_Your task:_ Word for word and without images, transcribe all of the records.
___ Exercise data
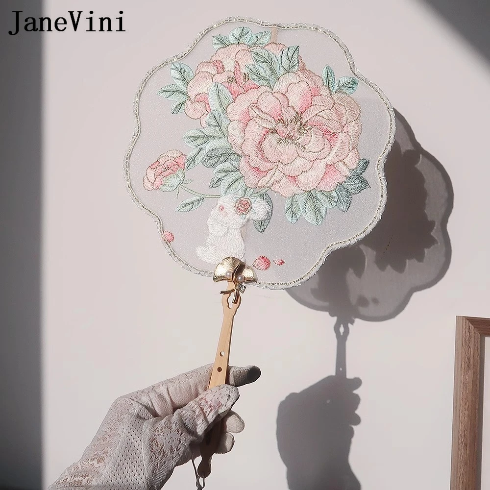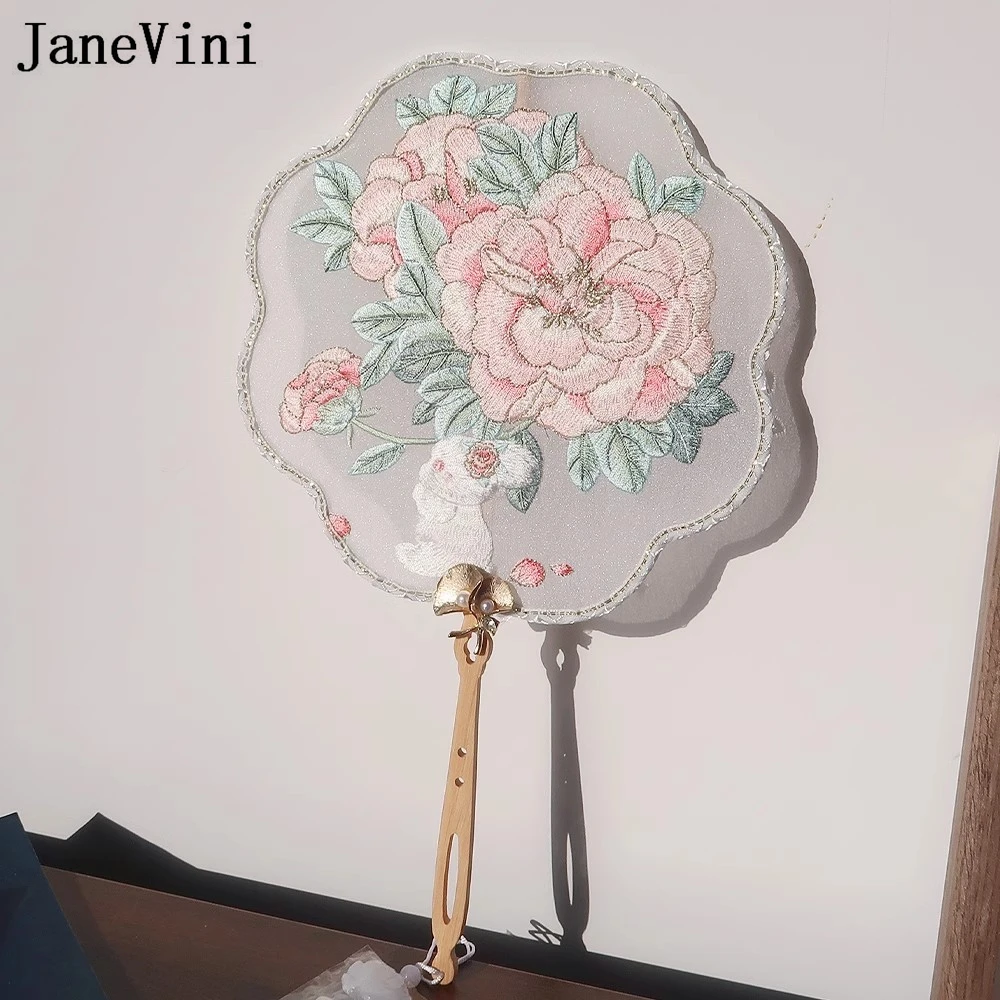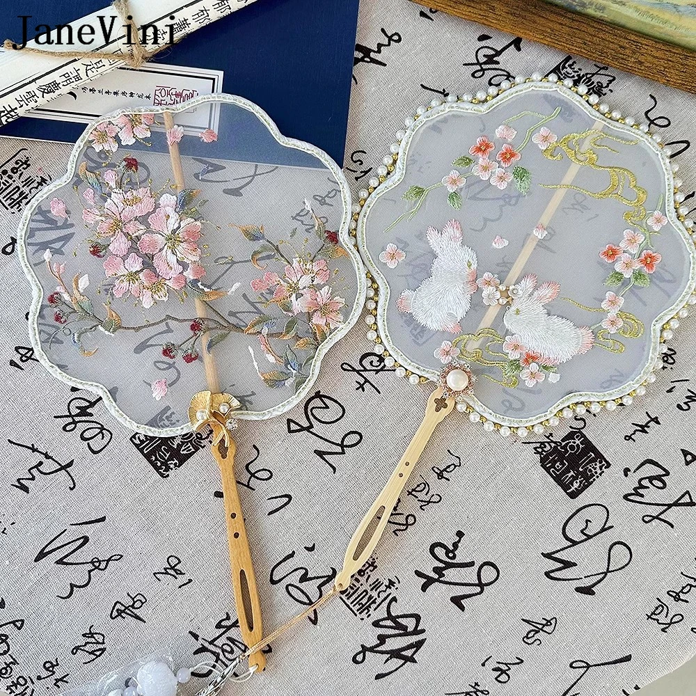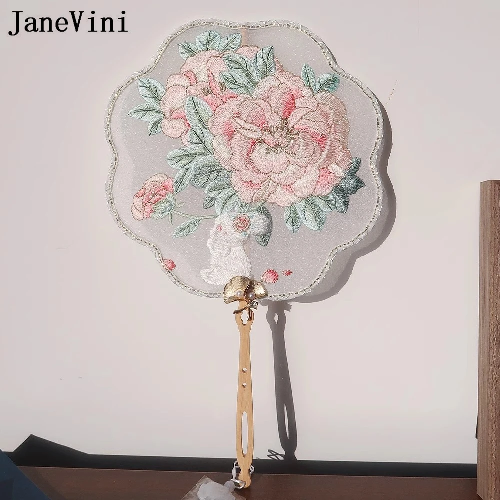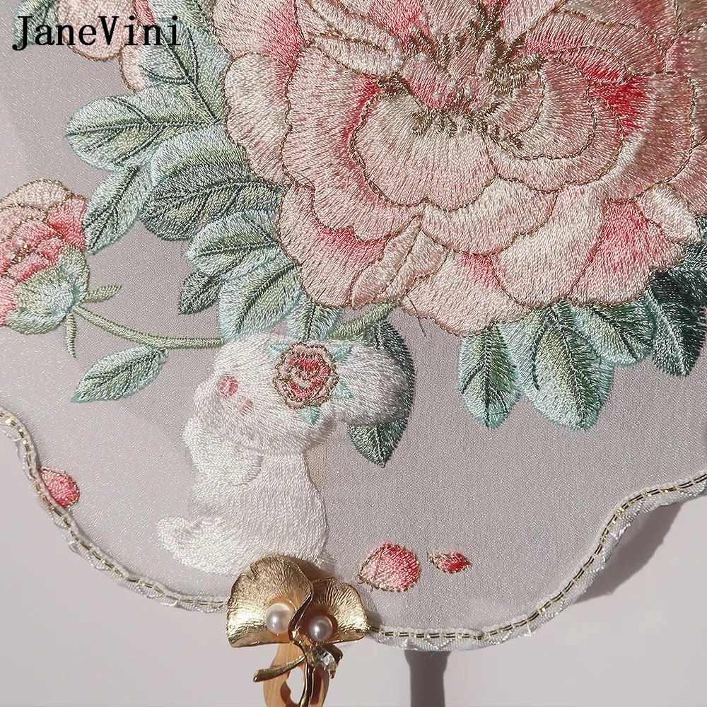 JaneVini Delicate Embroidery Flowers Rabbit Wedding Bride Fan Handmade Hanfu Xiuhe Bridal Fan Bouquet Accessories Handicraft
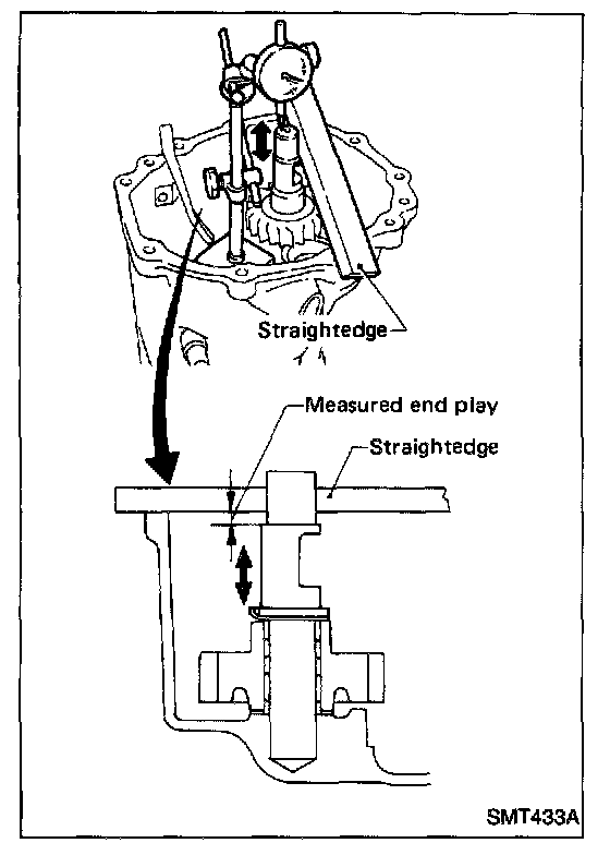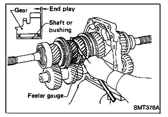 d. Move reverse idler shaft up and down and measure reverse idler gear end play.
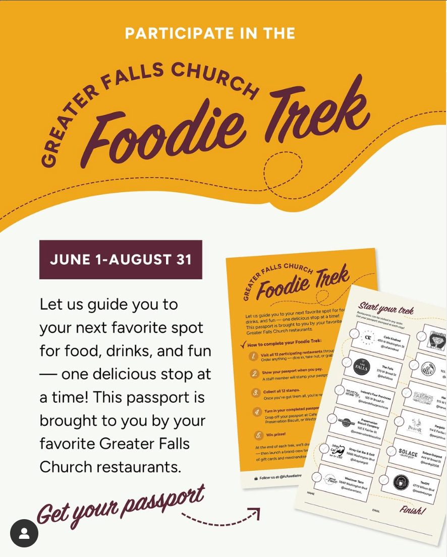 "The Food Trek features 12 diverse and celebrated local restaurants, including Borek G, Cafe Kindred, Ellie Bird, Harvey’s, Panjshir, TeaDM, and more. Participants can pick up a Food Trek passport at any participating location starting June 1, collect stamps at each spot, and turn in completed passports for a chance to win one of three prize baskets filled with gift cards and goodies from some of Falls Church’s favorite spots."
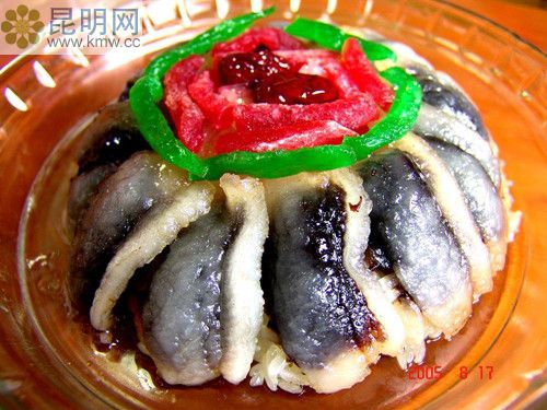 當地一道傳統名菜,已有200年的制作歷史。豆沙肉晶瑩透亮,味道香甜,油而不膩,肥嫩可口。
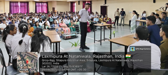 In the afternoon, the spotlight shifted to the Inter-Collegiate Quiz Competition, Brainometer, which brought together some of the brightest minds from participating universities. Teams from Jagannath University, Jaipur National University, Swasthya Kalyan Institute, MJRP University, Vivekananda Global University, and SGVU battled in a fast-paced buzzer-based contest. The quiz comprised several rounds that tested academic knowledge, reasoning skills, and quick decision-making abilities. The rounds grew progressively more challenging, keeping the participants and audience highly engaged. Jagannath University, as the host institution, demonstrated exceptional preparation and confidence, ultimately securing the first position and bringing pride to the university. Their victory underscored the department’s commitment to academic excellence and student preparedness.
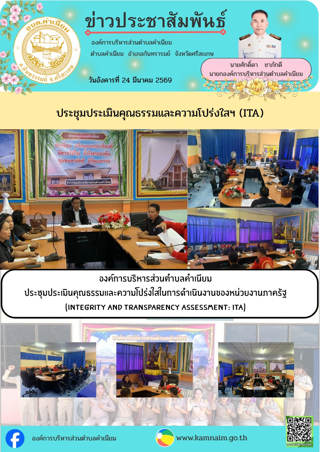 | ประชุมประเมินคุณธรรมและความโปร่งใสในการดำเนินงานของหน่วยงานภาครัฐ (Integrity and Transparency Assessment: ITA) |
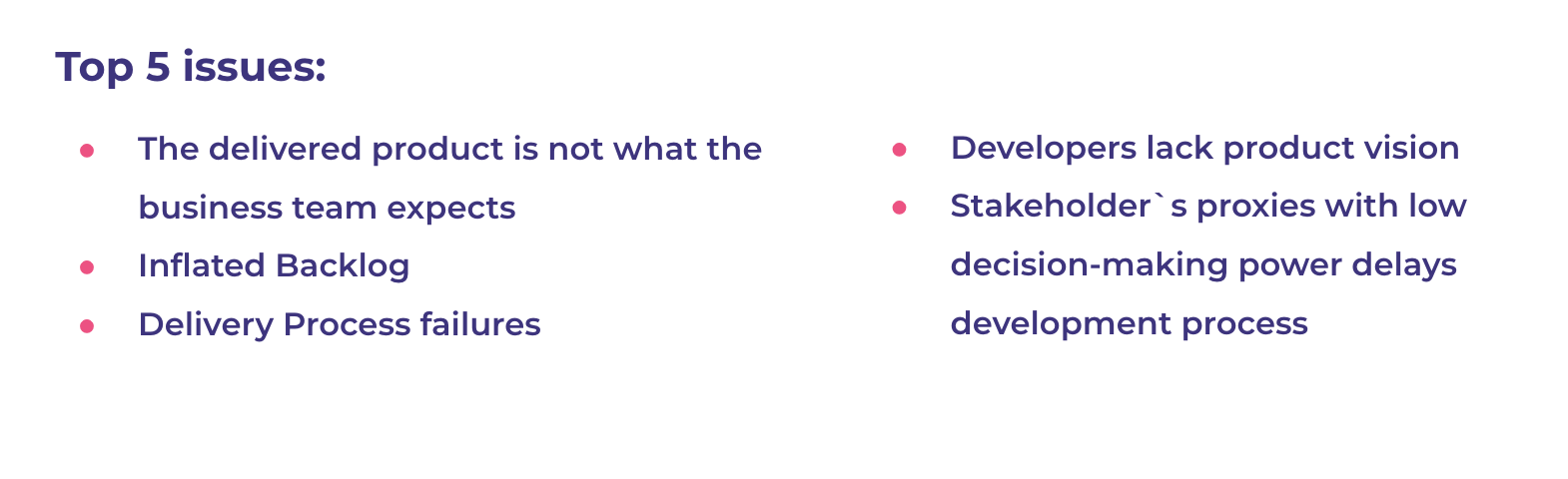 - Do you think that agile can solve or at least reduce some of those 5 issues?
______
_Output for this exercise:_
 JaneVini Delicate Embroidery Flowers Rabbit Wedding Bride Fan Handmade Hanfu Xiuhe Bridal Fan Bouquet Accessories Handicraft
 d. Move reverse idler shaft up and down and measure reverse idler gear end play.
 "The Food Trek features 12 diverse and celebrated local restaurants, including Borek G, Cafe Kindred, Ellie Bird, Harvey’s, Panjshir, TeaDM, and more. Participants can pick up a Food Trek passport at any participating location starting June 1, collect stamps at each spot, and turn in completed passports for a chance to win one of three prize baskets filled with gift cards and goodies from some of Falls Church’s favorite spots."
 當地一道傳統名菜,已有200年的制作歷史。豆沙肉晶瑩透亮,味道香甜,油而不膩,肥嫩可口。
 In the afternoon, the spotlight shifted to the Inter-Collegiate Quiz Competition, Brainometer, which brought together some of the brightest minds from participating universities. Teams from Jagannath University, Jaipur National University, Swasthya Kalyan Institute, MJRP University, Vivekananda Global University, and SGVU battled in a fast-paced buzzer-based contest. The quiz comprised several rounds that tested academic knowledge, reasoning skills, and quick decision-making abilities. The rounds grew progressively more challenging, keeping the participants and audience highly engaged. Jagannath University, as the host institution, demonstrated exceptional preparation and confidence, ultimately securing the first position and bringing pride to the university. Their victory underscored the department’s commitment to academic excellence and student preparedness.
 | ประชุมประเมินคุณธรรมและความโปร่งใสในการดำเนินงานของหน่วยงานภาครัฐ (Integrity and Transparency Assessment: ITA) |
 - Do you think that agile can solve or at least reduce some of those 5 issues?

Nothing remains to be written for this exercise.